In the currently divided U.S. political climate, even good news is drowned in a hail of criticism.

There is one very basic fact that needs to be remembered before all else is said about the meeting between President Trump and North Korean leader Kim Jong Un: It happened.

The president of the United States and the supreme leader of the reclusive nation that has been in a technical state of war since the early 1950s met face to face.

Former President Clinton met with Kim Jong Un’s father, Kim Jong Il in 2009. Former President Jimmy Carter met with Jong Il.

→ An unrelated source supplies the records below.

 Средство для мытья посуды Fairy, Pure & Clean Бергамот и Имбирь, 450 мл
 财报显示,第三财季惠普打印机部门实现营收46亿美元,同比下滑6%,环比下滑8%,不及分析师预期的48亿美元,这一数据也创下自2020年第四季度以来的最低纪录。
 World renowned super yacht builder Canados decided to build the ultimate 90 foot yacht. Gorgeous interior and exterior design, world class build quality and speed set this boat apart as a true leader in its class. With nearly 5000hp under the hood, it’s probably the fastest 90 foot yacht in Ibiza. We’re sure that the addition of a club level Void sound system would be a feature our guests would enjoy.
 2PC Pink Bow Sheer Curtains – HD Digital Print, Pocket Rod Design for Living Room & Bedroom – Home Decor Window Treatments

But this was an actual summit, an attempt to move the relationship between the nations from the stalemate that has existed since the ceasefire of the Korean War in July 1953 and tipped from hot to cold to warm over and again in the nearly 65 years since.

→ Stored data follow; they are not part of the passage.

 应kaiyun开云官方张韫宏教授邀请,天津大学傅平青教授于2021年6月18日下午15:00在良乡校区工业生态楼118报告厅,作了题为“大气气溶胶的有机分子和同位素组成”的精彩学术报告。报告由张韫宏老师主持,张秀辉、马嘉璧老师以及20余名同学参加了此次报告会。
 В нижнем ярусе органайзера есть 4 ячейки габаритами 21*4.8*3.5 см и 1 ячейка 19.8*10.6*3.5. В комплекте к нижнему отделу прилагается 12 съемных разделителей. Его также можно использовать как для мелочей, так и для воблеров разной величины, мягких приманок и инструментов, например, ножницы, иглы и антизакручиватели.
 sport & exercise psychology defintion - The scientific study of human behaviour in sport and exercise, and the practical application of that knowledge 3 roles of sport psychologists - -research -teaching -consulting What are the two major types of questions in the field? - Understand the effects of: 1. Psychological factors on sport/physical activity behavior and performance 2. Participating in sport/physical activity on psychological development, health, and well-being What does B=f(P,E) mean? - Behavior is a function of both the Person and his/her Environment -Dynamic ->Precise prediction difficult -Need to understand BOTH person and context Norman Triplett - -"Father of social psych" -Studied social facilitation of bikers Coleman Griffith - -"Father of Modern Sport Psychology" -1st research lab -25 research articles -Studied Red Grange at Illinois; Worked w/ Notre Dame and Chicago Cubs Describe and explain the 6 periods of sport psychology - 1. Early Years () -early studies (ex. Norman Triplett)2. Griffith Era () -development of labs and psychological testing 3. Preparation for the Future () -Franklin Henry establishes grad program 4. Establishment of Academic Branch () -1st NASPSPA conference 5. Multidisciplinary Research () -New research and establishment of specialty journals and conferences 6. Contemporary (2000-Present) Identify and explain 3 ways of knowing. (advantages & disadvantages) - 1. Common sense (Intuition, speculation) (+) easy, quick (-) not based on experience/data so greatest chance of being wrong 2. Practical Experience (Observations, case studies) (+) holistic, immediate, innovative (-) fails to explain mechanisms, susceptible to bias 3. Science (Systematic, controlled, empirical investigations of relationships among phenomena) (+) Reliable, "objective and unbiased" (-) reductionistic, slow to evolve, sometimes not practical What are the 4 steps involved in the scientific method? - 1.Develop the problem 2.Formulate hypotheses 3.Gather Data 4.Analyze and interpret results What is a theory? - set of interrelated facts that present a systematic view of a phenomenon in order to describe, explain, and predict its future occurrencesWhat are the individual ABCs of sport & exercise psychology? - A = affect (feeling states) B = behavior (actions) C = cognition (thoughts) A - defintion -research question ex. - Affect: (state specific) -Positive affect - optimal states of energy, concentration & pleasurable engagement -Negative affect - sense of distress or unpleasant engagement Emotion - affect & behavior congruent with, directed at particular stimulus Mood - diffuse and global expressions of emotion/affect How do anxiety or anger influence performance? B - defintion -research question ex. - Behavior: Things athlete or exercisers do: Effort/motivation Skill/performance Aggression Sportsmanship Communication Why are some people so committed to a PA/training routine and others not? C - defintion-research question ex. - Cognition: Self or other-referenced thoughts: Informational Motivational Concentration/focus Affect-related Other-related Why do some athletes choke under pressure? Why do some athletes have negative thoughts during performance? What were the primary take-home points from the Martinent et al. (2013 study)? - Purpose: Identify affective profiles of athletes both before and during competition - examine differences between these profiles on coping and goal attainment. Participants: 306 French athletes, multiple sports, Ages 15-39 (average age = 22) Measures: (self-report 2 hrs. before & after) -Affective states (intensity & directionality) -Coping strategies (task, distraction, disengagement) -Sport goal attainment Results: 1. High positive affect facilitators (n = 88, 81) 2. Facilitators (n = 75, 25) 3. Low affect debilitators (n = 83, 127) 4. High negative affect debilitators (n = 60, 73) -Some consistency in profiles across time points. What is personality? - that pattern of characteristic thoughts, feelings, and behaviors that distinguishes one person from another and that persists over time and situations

Was there full and formal agreement to do anything? Should there have been?

It was one meeting. One very important meeting, but just one meeting. It could lead to more, which is the hope of the South Koreans and the backers of North Korea led by the Chinese.

What hasn’t changed is the ability of the Kims to manipulate through promises, get what they want and then return North Korea to its former bellicose footing.

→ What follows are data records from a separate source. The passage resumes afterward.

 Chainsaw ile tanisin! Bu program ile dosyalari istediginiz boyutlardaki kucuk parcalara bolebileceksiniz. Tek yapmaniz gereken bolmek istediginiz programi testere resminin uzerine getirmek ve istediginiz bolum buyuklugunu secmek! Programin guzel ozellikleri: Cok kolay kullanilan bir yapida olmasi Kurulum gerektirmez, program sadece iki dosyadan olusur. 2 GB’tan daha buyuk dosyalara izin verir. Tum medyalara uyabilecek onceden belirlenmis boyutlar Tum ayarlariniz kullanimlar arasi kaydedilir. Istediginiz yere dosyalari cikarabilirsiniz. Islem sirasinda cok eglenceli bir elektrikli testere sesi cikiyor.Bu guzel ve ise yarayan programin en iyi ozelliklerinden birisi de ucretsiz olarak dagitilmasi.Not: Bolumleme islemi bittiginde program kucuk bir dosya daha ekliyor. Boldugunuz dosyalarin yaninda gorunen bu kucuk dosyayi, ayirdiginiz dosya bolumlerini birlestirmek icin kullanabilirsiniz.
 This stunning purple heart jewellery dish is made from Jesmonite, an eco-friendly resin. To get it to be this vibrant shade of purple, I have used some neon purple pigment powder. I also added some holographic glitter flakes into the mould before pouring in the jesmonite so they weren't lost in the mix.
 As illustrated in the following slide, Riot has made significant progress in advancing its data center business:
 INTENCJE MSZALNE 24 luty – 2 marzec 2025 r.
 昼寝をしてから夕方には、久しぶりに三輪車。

What hasn’t changed is North Korea’s dismal human rights record.

While the Reagan-Gorbachev summit in Iceland in 1986 comes to mind, it must be remembered that there are major differences. Gorbachev put the Soviet Union’s human rights record on the table. President Reagan didn’t give up on the missile defense system. And the last nuclear warhead in the world wasn’t destroyed, despite the dream of the leaders of the world’s two superpowers at the time.

And the Cold War continues to reheat now after a generation of leadership changes in both of the former superpowers, complicated with the rise of the economic powerhouse in China, which certainly wants to flex its muscle on the world stage, too.

So, Trump has made a few fully revocable promises regarding joint war exercises with South Korea. He and Kim have expressed a willingness to continue talking, as diplomats work to flesh out the details of the direction the summit indicated.

It’s not lasting change. Yet. But the meeting happened. And that means two nations are talking. And that’s better than pointing guns and nuclear-tipped spears at one another.